A) WNV genotypes are color-coded in the branches of the tree as NY99 (black), WN02 (blue), SW/WN03 (purple) and cluster MW/WN06 (red). Nodes 1 to 6 containing WNV isolates from this study are highlighted in green and shown in detail. The mean time to the most recent common ancestor (tMRCA) is shown in each principal node. The 95% highest probability densities (95% HPD) for each node age are shown as blue bars. B) Bayesian coalescent inference of genetic diversity and population dynamics using the Bayesian Skyline plot. The X axis represents years of study and the Y axis, the relative genetic diversity product of the effective population size.

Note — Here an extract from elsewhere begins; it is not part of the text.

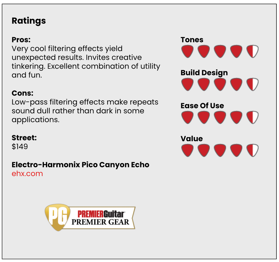 The Pico Canyon Echo is as engaging as any delay I can think of in a package this size. It’s flexible and full of surprises, thanks in large part to the cool filter control, a super-wide 8-millisecond-to-3-second delay range, and an infinite repeats function that effectively functions as a looper.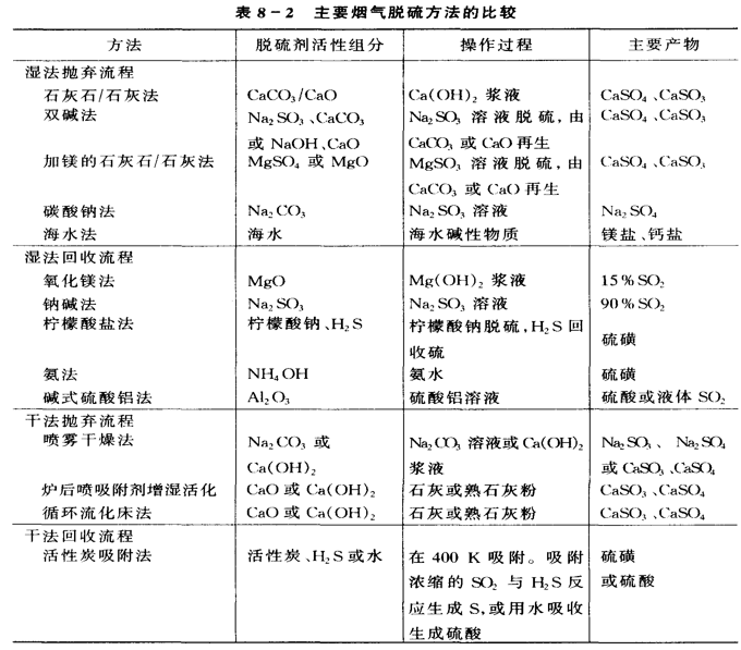 ① 干法脱硫:采用粉状或粒状吸收剂、吸附剂或催化剂;

Bayesian coalescent inference of genetic diversity and population dynamics was visualized using the Bayesian Skyline plot available in BEAST (Fig 4B). The plot shows that a period of high genetic variability was observed until 2003 corresponding with the appearance of the new North American genotypes. From 2003–2009, genetic diversity of the U.S. WNV population decreased slightly, with a maximum decrease occurring around 2008–2009. A small increase in diversity occurred after 2009, and the overall diversity of the WNV population then continued to increase through 2012.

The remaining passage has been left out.